Concatenating text strings is a common task, but generally an expensive one because it involves dynamic (heap) memory allocation, copying, and deallocation. For instance, consider an example where a series of STL string objects hold fragments of text that need to be joined together and returned from a function.

std::string get_message(void)
{
  std::string hello("Hello");
  std::string space(" ");
  std::string world("World");
  std::string exclamation("!");
  return (hello + space + world + ' ' 
   + exclamation + space + exclamation);
}

This perfectly legal implementation generates the result that is required, but what of its efficiency? To understand the performance of this, look at how the return expression is evaluated.
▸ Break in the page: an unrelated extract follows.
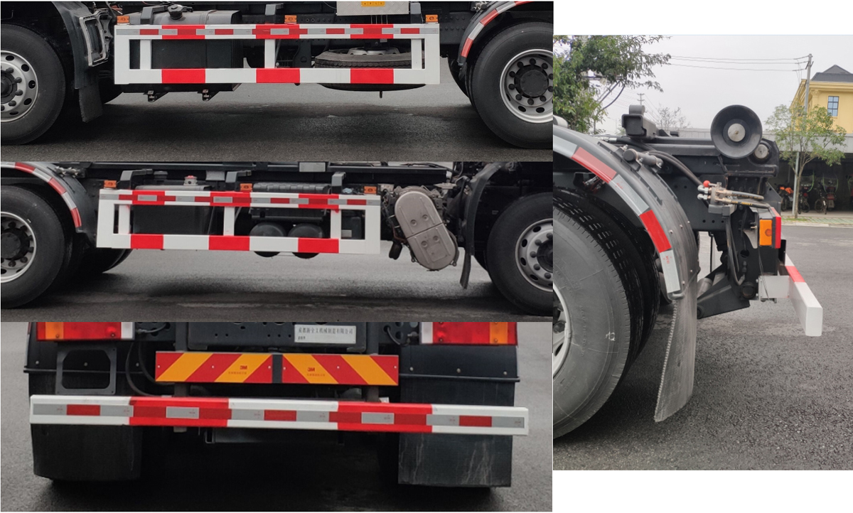 | 1.该车装备有液压拉臂,用于将装载垃圾的专用垃圾箱拖吊到本车上进行转运作业,实现垃圾箱拖吊转运和卸放功能;2.侧防护材料为Q235,采用螺栓连接.后防护材料为Q235,连接方式:用螺栓固定在车架后端,后部防护装置断面尺寸(宽赘?60?20(mm),后部防护离地高度:480(mm);3.ABS型号/生产厂家:3631010-C2000/东科克诺尔商用车制动系统(十堰)有限公司,ABS 8/东科克诺尔商用车制动系统(十堰)有限公司,4460046450/威伯科汽车控制系统(中国)有限公司;4.安装具有卫星定位功能的行驶记录仪,该车可选装车载ETC装置;5.驾驶室前角扰流板为选装件;选装驾驶室前面罩、前保险杠及前部灯具和后视镜,驾驶室顶部中间三个装饰灯为选装件,前雾灯为选装件,驾驶室侧窗选装树脂装饰板;随底盘选装进气管、储气筒安装位置及消声器外观;6.发动机型号/最大净功率(kw)/油耗值(L/100km):D6.7NS6B290/208/31.7,DDi75E350-60/252/31.7 |

The compiler evaluates the expression as a series of subexpressions from left-to-right, examining each addition in turn and matching an appropriate operator, so the expression is equivalent to:

return ((((((hello + space) + 
    world) + ' ') + exclamation) + 
            space) + exclamation);

The STL basic_string class defines an operator+() free function that is invoked by each of these additions.

21.3.7.1 operator+
template
  <class charT, class traits, class Allocator>
     basic_string<charT,traits,Allocator>
      operator+(const basic_string
         <charT,traits,Allocator>& lhs,
           const basic_string
             <charT,traits,Allocator>& rhs);
Returns: basic_string<charT,traits,Allocator>
        ( lhs).append( rhs)

While the implementation of the function is dependent on the STL implementation you're using, the library I use (the Dinkumware STL that ships with Microsoft Visual C++ 7.0) implements the function exactly as shown, for instance:

template
  <class charT, class traits, class Allocator>
inline basic_string
     <charT, traits, Allocator>
operator+(const basic_string
     <charT, traits, Allocator> &lhs,
   const basic_string
     <charT, traits, Allocator> &rhs)
{ return (basic_string
   <charT, traits, Allocator>(lhs) += rhs); }

While functional, this isn't very efficient. First, the lhs parameter is copied to another basic_string, which involves memory allocation and a memory copy. Then operator+=() is invoked on the new object, which ultimately calculates the length of the resulting string, allocates a buffer for it, copies the string into the new buffer, and then copies the parameter (the second string) onto the end of the first. When operator+=() returns, the temporary object that now holds the result is returned to the caller by value, invoking another object copy. That's a lot of copying, and with a nonoptimized build of the aforementioned test, no fewer than 14 memory allocations are performed.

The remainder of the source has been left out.